** THE DATA follows **

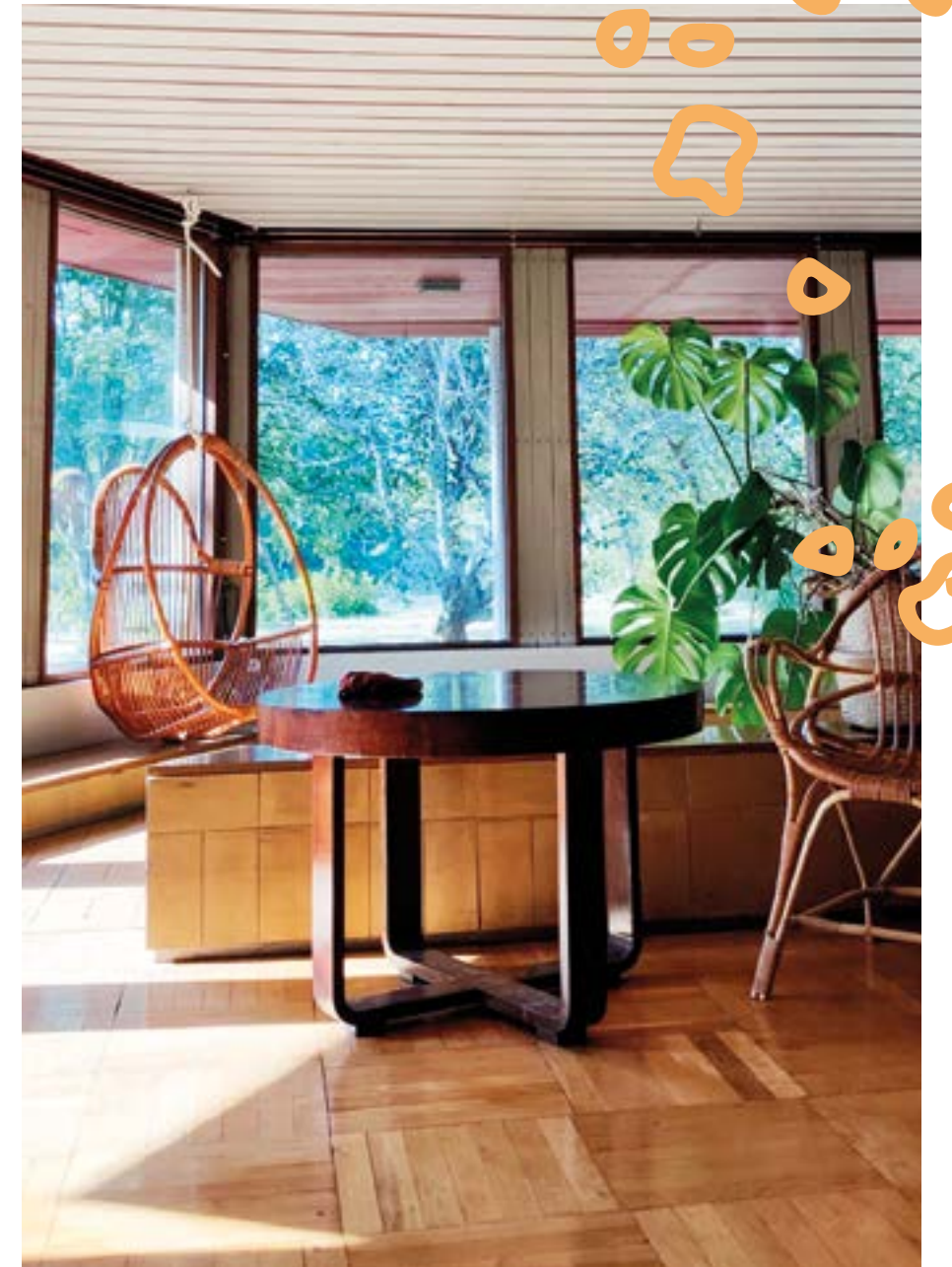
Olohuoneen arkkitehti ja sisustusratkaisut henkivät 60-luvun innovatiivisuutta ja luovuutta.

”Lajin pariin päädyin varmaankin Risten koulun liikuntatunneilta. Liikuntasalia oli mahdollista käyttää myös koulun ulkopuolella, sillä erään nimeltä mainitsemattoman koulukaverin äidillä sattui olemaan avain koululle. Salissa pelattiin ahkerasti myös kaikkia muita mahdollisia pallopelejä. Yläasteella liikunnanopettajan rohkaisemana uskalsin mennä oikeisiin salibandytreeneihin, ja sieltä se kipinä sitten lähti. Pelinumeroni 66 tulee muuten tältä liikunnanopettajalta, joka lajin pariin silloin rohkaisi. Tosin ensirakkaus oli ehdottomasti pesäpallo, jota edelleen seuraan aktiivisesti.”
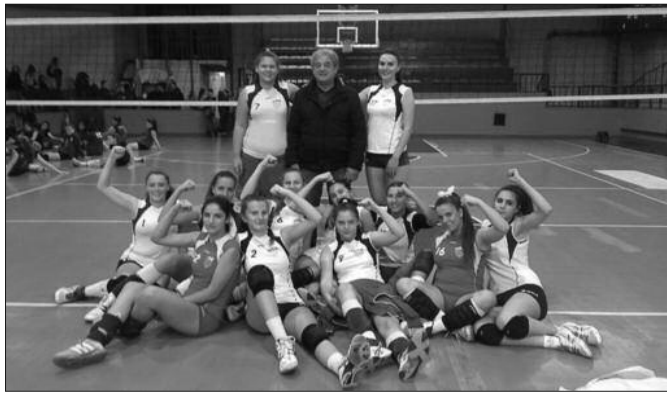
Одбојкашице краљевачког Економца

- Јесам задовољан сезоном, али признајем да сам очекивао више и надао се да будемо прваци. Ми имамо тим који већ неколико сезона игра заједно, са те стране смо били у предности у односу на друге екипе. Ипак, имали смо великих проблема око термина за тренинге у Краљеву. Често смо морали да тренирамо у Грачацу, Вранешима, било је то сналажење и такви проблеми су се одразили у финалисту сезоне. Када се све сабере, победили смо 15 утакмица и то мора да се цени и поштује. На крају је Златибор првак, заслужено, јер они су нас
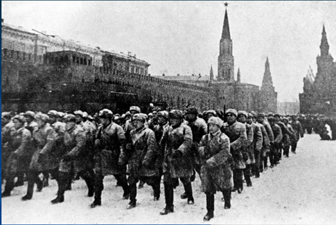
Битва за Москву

** End of THE DATA **
** THE DATA follows **

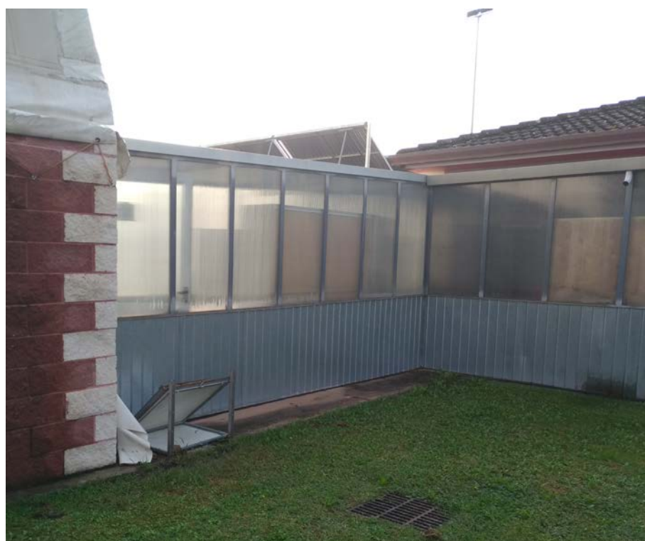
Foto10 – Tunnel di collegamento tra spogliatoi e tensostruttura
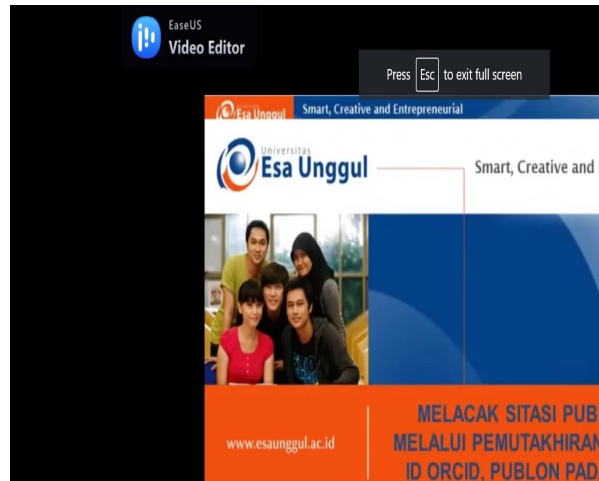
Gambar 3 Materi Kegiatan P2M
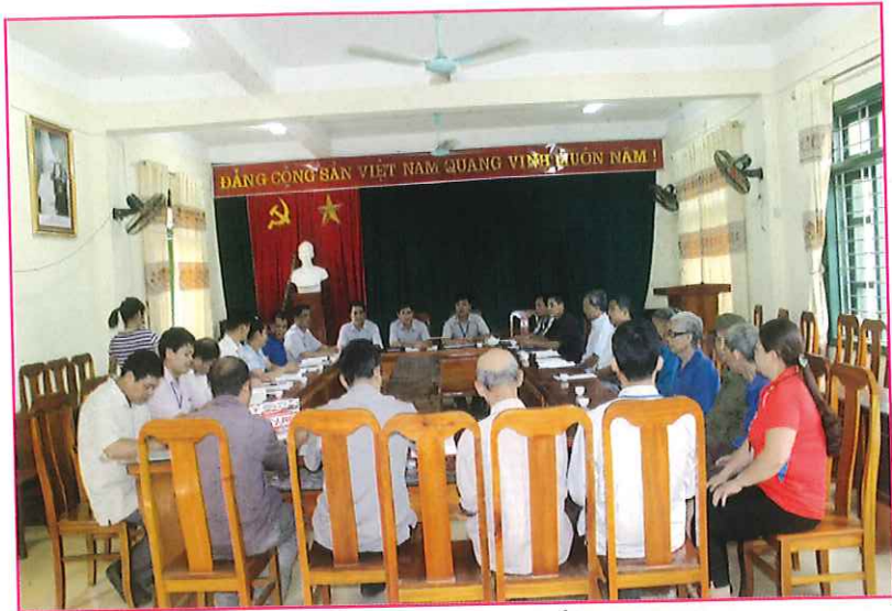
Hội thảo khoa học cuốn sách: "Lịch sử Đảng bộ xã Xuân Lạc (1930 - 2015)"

** End of THE DATA **

■ EXERCISE AIM ■
From the listing above, restate verbatim the lines running from the one with "Olohuoneen arkkitehti ja" through the one with "Одбојкашице краљевачког Економца", inclusive, but not the pictures.

■ ANSWER FOR THE TASK ■
Olohuoneen arkkitehti ja sisustusratkaisut henkivät 60-luvun innovatiivisuutta ja luovuutta.

”Lajin pariin päädyin varmaankin Risten koulun liikuntatunneilta. Liikuntasalia oli mahdollista käyttää myös koulun ulkopuolella, sillä erään nimeltä mainitsemattoman koulukaverin äidillä sattui olemaan avain koululle. Salissa pelattiin ahkerasti myös kaikkia muita mahdollisia pallopelejä. Yläasteella liikunnanopettajan rohkaisemana uskalsin mennä oikeisiin salibandytreeneihin, ja sieltä se kipinä sitten lähti. Pelinumeroni 66 tulee muuten tältä liikunnanopettajalta, joka lajin pariin silloin rohkaisi. Tosin ensirakkaus oli ehdottomasti pesäpallo, jota edelleen seuraan aktiivisesti.”
Одбојкашице краљевачког Економца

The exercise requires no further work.